Jess Holle wrote:
> Casper Bang wrote:
>> Sorry guys, but I just don't buy that JavaFX had no negative effect on
>> JSR's and JSE development. Could we drop the feel-good spin for a
>> moment and consider the evidence:
>>
>> - Some JSR's are as good as abandoned, i.e. JSR-296 where the spec
>> lead (before quitting Sun) publicly acknowledged that he was being
>> pulled in to working on JavaFX stuff.
>>
>> - A lot of senior people have left Sun, many from the Swing/client
>> team and oddly over to the competitor client technology. This can't
>> possibly be spun as a positive thing.
>>
>> - SwingLabs lost sponsorship, this is the place you'd turn to if you
>> should have the ridiculous luxury need for a date picker or similar.
>>
>> - We still don't have a Java language JSR even though Java 7 was
>> destined for summer 09'. Indeed Neal Gafter's comments on the lack of
>> leadership and steering suggests this to be the primary reason for him
>> jumping ship.
>>
>> While that may be acceptable to Sun and indeed it had some positive
>> effect on the runtime, stating that it had no negative effect on JSR's
>> and JSE development is just dumb because clearly it had. Can we just
>> call a spade a spade?!  
> To some degree I think Sun chose to do a Java "next" for the client 
> with JavaFX.  JSRs involve a lot more design by committee and Java 7 
> features like closures are simply hot potatoes -- Sun's going to get 
> endless heat any which way they go on these.  JavaFX was a chance for 
> design-by-one without having a lot of existing users in the space 
> screaming about every decision point (ala Java 7).
>
> That's not all good, of course, but I Gafter's comments seemed to 
> reflect a lack of desire/focus on the part of Sun, which I can't 
> second guess, without reflecting that no matter what Sun does in some 
> spaces, e.g. closures, they're going to get a huge number of existing 
> Java users mad and have trouble getting such contentious language 
> features through a design-by-committee JSR process.

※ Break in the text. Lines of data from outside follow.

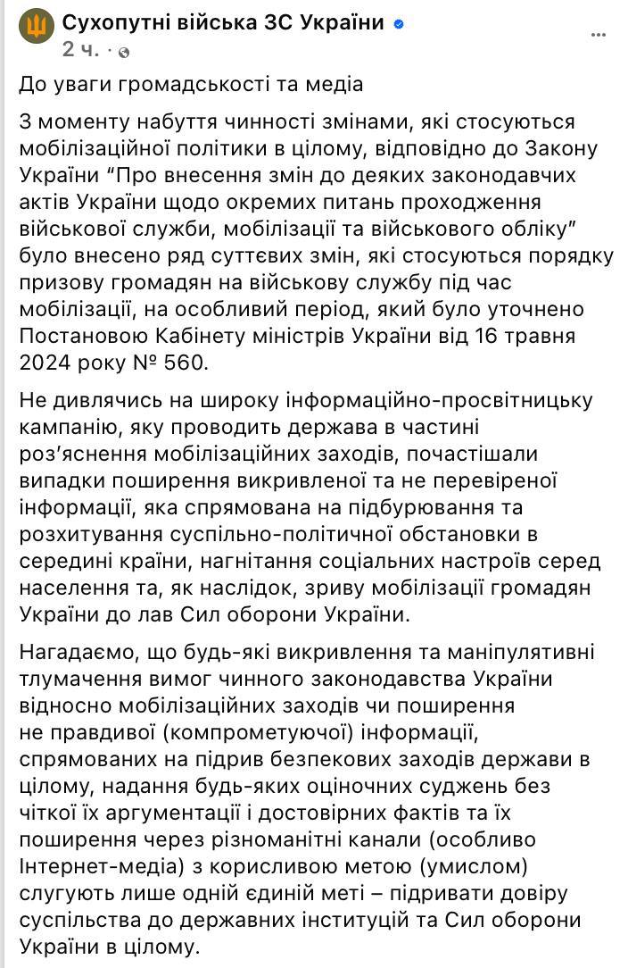 В ВСУ предупредили об уголовной ответственности за распространение фейков о мобилизации. Неправдивая информация подрывает доверие общества к государственным институтам и Силам обороны Украины.
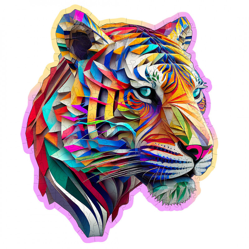 Entdecken Sie das Holzpuzzle “Traumhafte Regenbogentiger” mit 150 Teilen – eine atemberaubende und fantasievolle Kreation, die eine Tiger in leuchtenden Regenbogenfarben zum Leben erweckt.
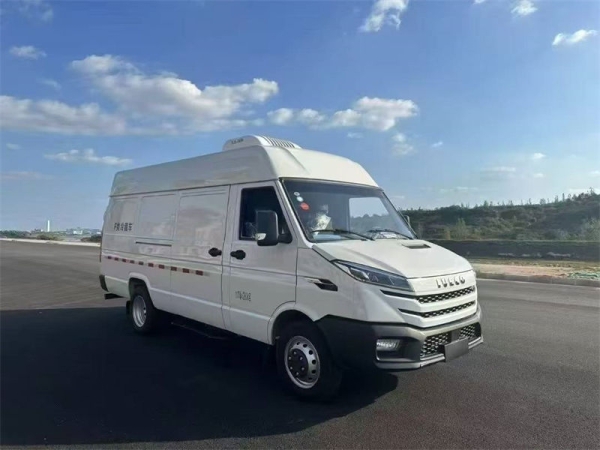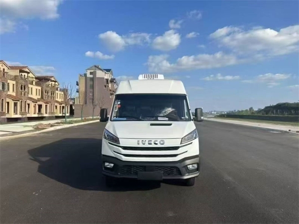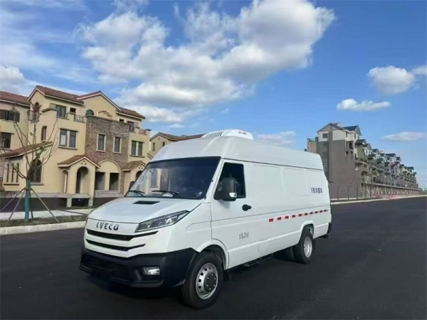 底盘配置:V40型得意Turbo Daily系列,后双胎,SOFMI8140.47Z6/2.5排量122马力,ABS,前盘后盘制动,电动玻璃,遥控钥匙,尿素系统,油箱:70L,5KW空调,140A发电机,双压支架,195/75R16LT轮胎,依维柯2830.5型变速箱,标配负18度冷机!

P.S. The backlash of Casper and others to JavaFX is also analogous to 
the backlash Sun would get for any really disruptive Java "next" -- a 
large portion of the community (myself included) would ask (scream) why 
Sun couldn't just focus on the big problems and address them in a 
non-disruptive manner in a non-disruptive Java version increment rather 
than getting distracted by some Java "next" with disruptive barriers 
between it and the community's existing Java investment.